Alastair Kendrick, of MHA MacIntyre Hudson, puts forward the case for BIK reform.

The announcement of the 2% increase for benefit-in-kind for 2017/18 and 2018/19 gives employees certainty over the tax they will pay on their company cars in the medium to long-term.

It also puts further pressure on car manufacturers to counter the increase by producing more efficient engines.

However, looking at how the benefit-in-kind rates have increased, this is worrying. Taking the 125-129g/km band as an example, the rate next year (2014/15) will be 18%, in 2017/18 this becomes 24% and for 2018/19 it will be 26%.

Drivers will be partly cushioned from these increases if they renew their vehicle, because of the reductions in emissions being achieved by manufacturers.

I think a more radical approach is required, because the present basis of calculation of taxable benefit has simply had its day. Given the technology now available in cars, why can’t we move to a benefit system based on the price adjusted by the private/total mileage travelled in the tax year?

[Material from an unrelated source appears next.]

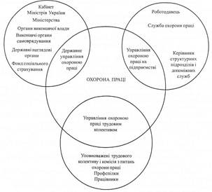 1.2.2. Система управління охороною праці У теперішній час в Україні здійснюються соціально-політичні та соціально-економічні реформи. Наша країна переживає етап відмирання централізовано-розподільних форм господарювання і народження економічних відносин у сфері праці, притаманних соціально-ринковій моделі управління. При цьому, природно, змінюються ролі й функції основних суб'єктів підприємницької діяльності: держави, роботодавця і працівника. Цей процес неминуче охоплює й охорону праці – невід'ємну частину будь-якого виробництва, а відтак і систему управління охороною праці. На основі розробок професора Г. Г. Гогіташвілі можна зробити висновок, що у сучасних умовах виникає 3 центри управління охороною праці: державне управління (не адміністративне); управління з боку роботодавця (власника підприємства); управління з боку працівників підприємства (рис. 1.3).

Clearly, this would be a fairer way of calculating what the benefit-in-kind should be. Furthermore, it follows the approach adopted in other countries in the EU.

I would expect the Government would wish to add some sort of levy for cars with high CO2 emissions and concessions for ultra-low emission vehicles, which if not too complex would be acceptable.

The Budget also confirmed the closure of the tax scheme that was adopted in the tax case of Apollo Fuels, which related to the leasing of a car by an employer to the employee and thereby avoiding a taxable benefit.

This should act as a reminder to those who have set up similar arrangements or an employee car ownership scheme where title to the vehicle does not transfer to the employee, because a taxable benefit on the car will arise during 2014/15.

It is no surprise that I am seeing a significant number of employers anxiously looking to move to an arrangement that ticks all the boxes with HM Revenue and Customs.